Remember, people can only see our outward actions; they can't always see our heart or the motives behind the things we do, so they're going to take things "the wrong way" at times, like Michal did with David. Those times do hurt, of course, and are probably harder for some of us to deal with than others. However, if we are continually seeking God and asking Him to test our hearts and thoughts (the things people can't see), and if we submit to His guidance, then we are likely to be following the right path. And if our hearts are right with God, we are striving to follow His way, and we are open to correction but not enslaved to people's opinions, then I think we can live in real freedom. Remember, God has already searched us, and He knows us better than anyone else; even if nobody else understands us or views us well, God does. And He holds quite a bit more sway than any single person on earth.

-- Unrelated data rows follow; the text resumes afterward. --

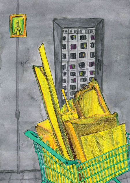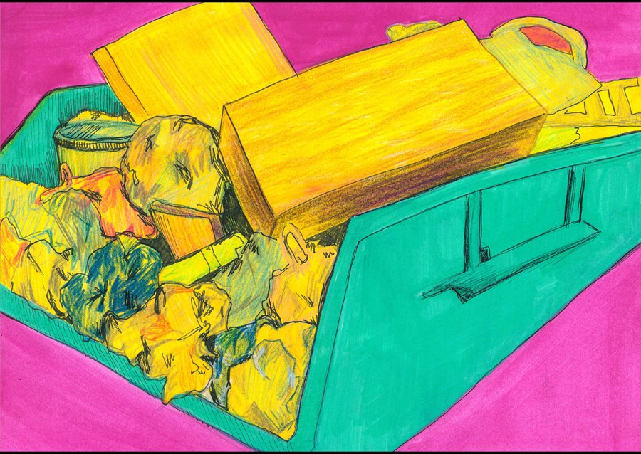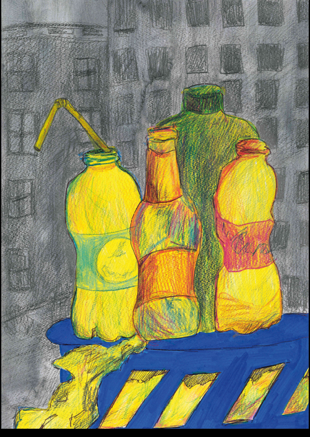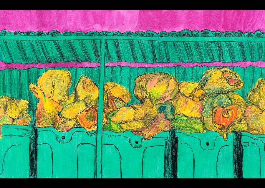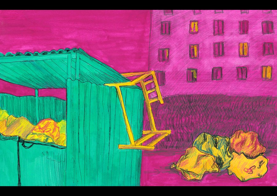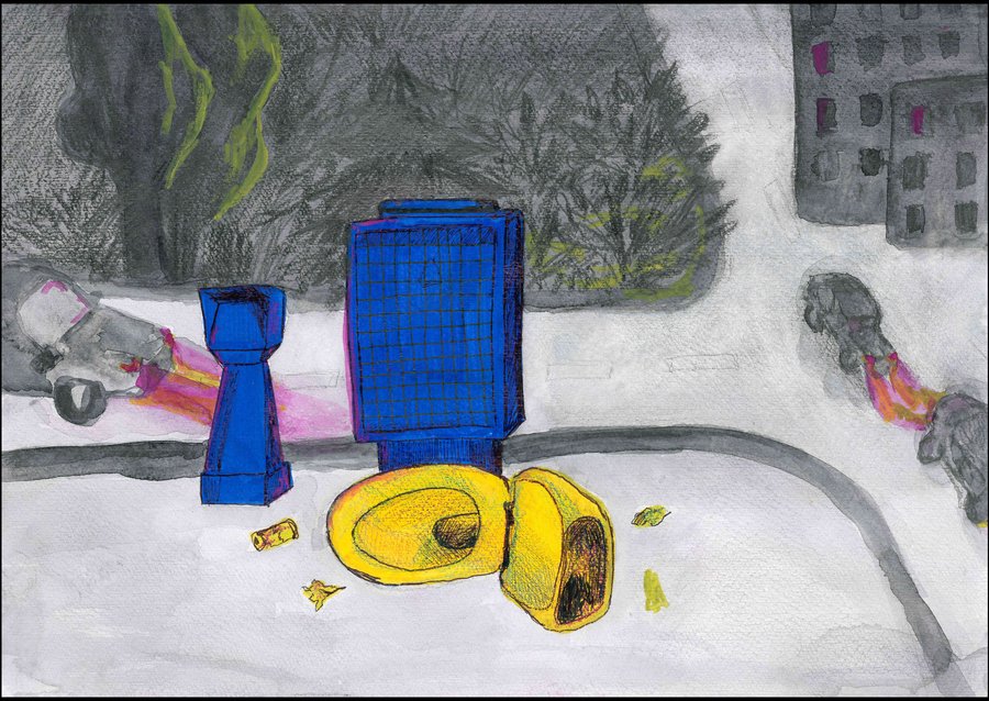 Город состоит из беспорядка. Здания разрушаются, их стены заполнены визуальным шумом, вокруг горы мусора, отчего страдает природа и нарушается всеобщий ритм. В рамках группового проекта мы работали над темой великого беспорядка в городе. Для меня беспорядок — это в первую очередь мусор и грязь, которые окружают нас на городских улицах. В своем проекте я рисую уличный мусор, который кучей складируется на свалках, или же, просто так валяется на улицах города и создает беспорядок.
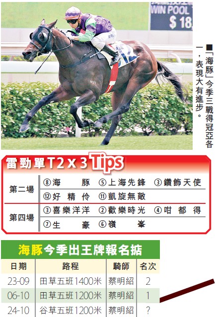 苗礼德马房今晚共出四驹,其中应以出争第二场五班1200米的「海豚」赢面最大;此驹过往用得较少,並因一直欠缺表现,评分已被减至极有利的水平,难怪季内评27分起步的牠,至今三仗共得冠亚各一佳绩。「海豚」上仗在蔡明绍胯下,以极轻鬆的姿态赢田草1200米,马房中人透露,此驹拼後状态依然大勇,今番移师谷草跑1200米,对手实力较上仗更弱,形势有利,要再添头马应无难度,乃稳阵马胆。
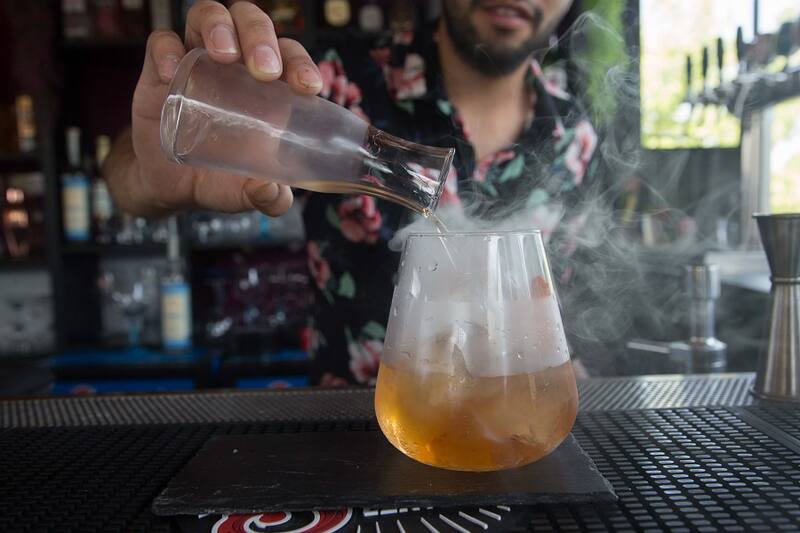 Si buscas algo con más carácter, no dudes en pedir el "maguey fashioned", con tequila reposado, bastante mezcal, sirope de agave, Amargo de Angustura, mucho hielo y el ahumado en roble que se aplica ahí, en vivo y en directo ($ 7.400). Una joya de cóctel.
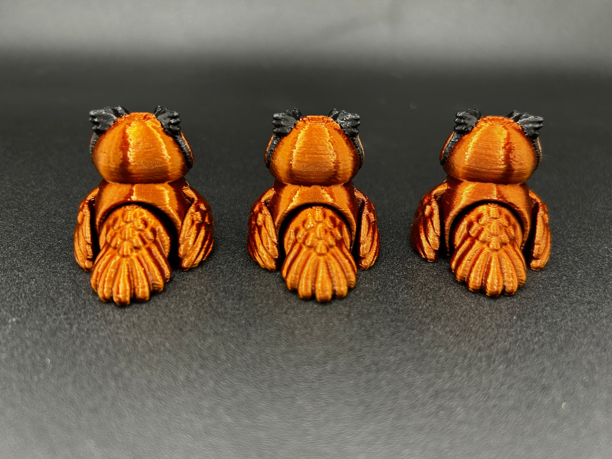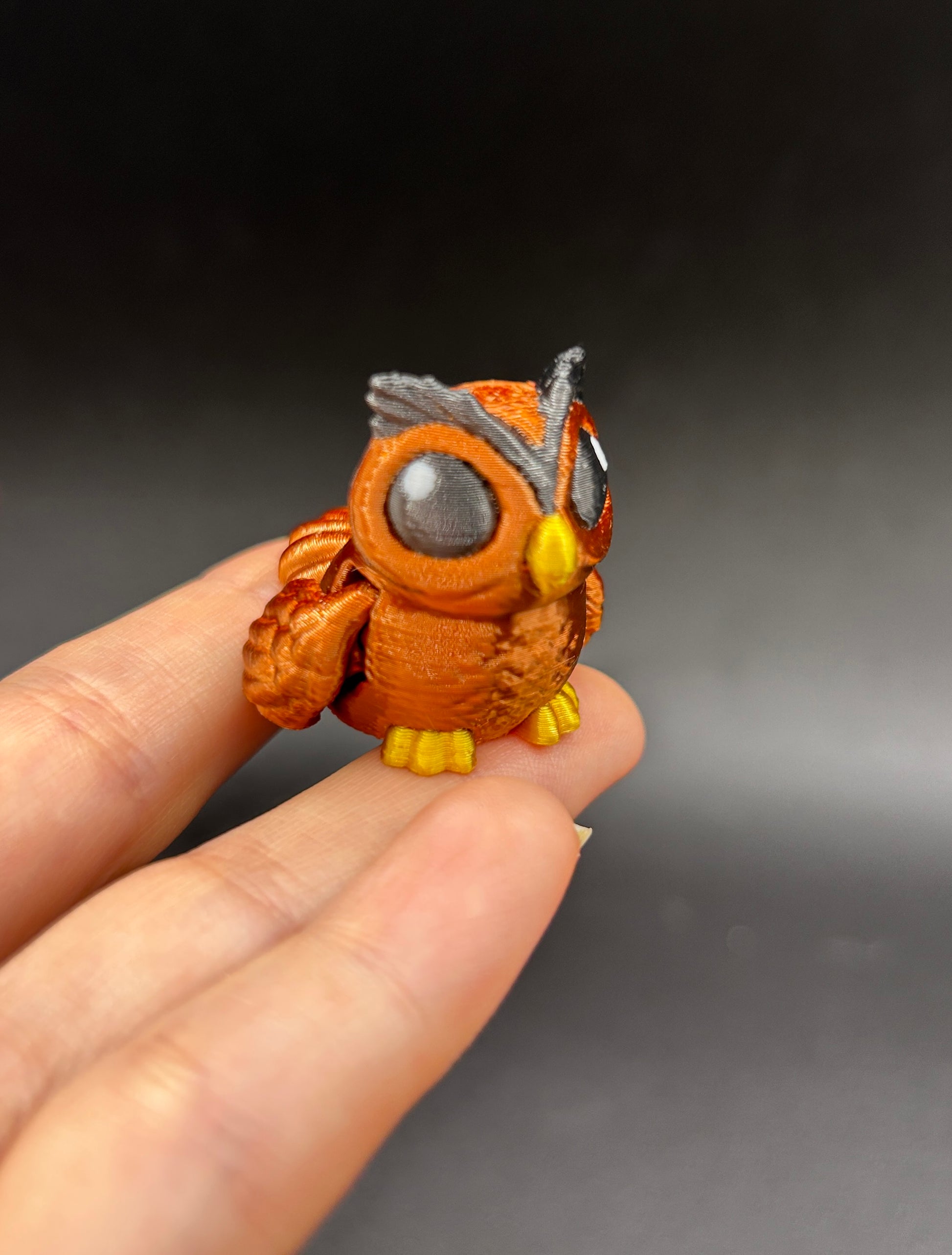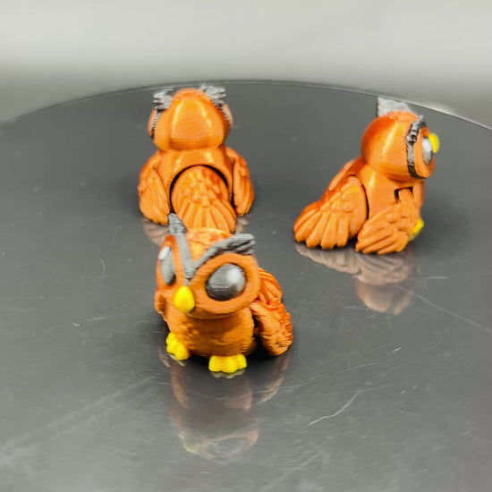 Straight from a moonlit forest and into your spooky setup comes this adorable Great Horned Owl hatchling, 3D printed in a shimmering bronze filament that catches the light just right. With wide eyes full of mystery and tiny talons ready to perch on your shelf, this little owl brings a whimsical, slightly eerie charm ~ perfect for Halloween or year-round woodland vibes.

The flip side of this is that we need to remember that we don't see other people's hearts, either. Don't be quick to assume the worst in others; remember it isn't our "job" to convict or change people; and remain humble in any case where you may feel the need to share a concern or offer correction to another. Treat others the way you wish they would treat you, right?
When I read the account of David and Michal, I was struck with the assurance in his reply. He knew that he hadn't done anything wrong; his motives had been pure and his heart was at peace. He didn't have time or energy to worry about how his actions looked to others; in fact, he was so lost in the love and joy he had in his God that he barely even noticed anyone else. That kind of deep, all-consuming love is exactly the way I want to live my life. I want to be completely focused on God, smitten by Him and consumed by what He calls me to, so that everyone else around me is just a dim blur. Dancing before the Lord sounds like a pretty freeing and joyful way to live; anyone else want to join me?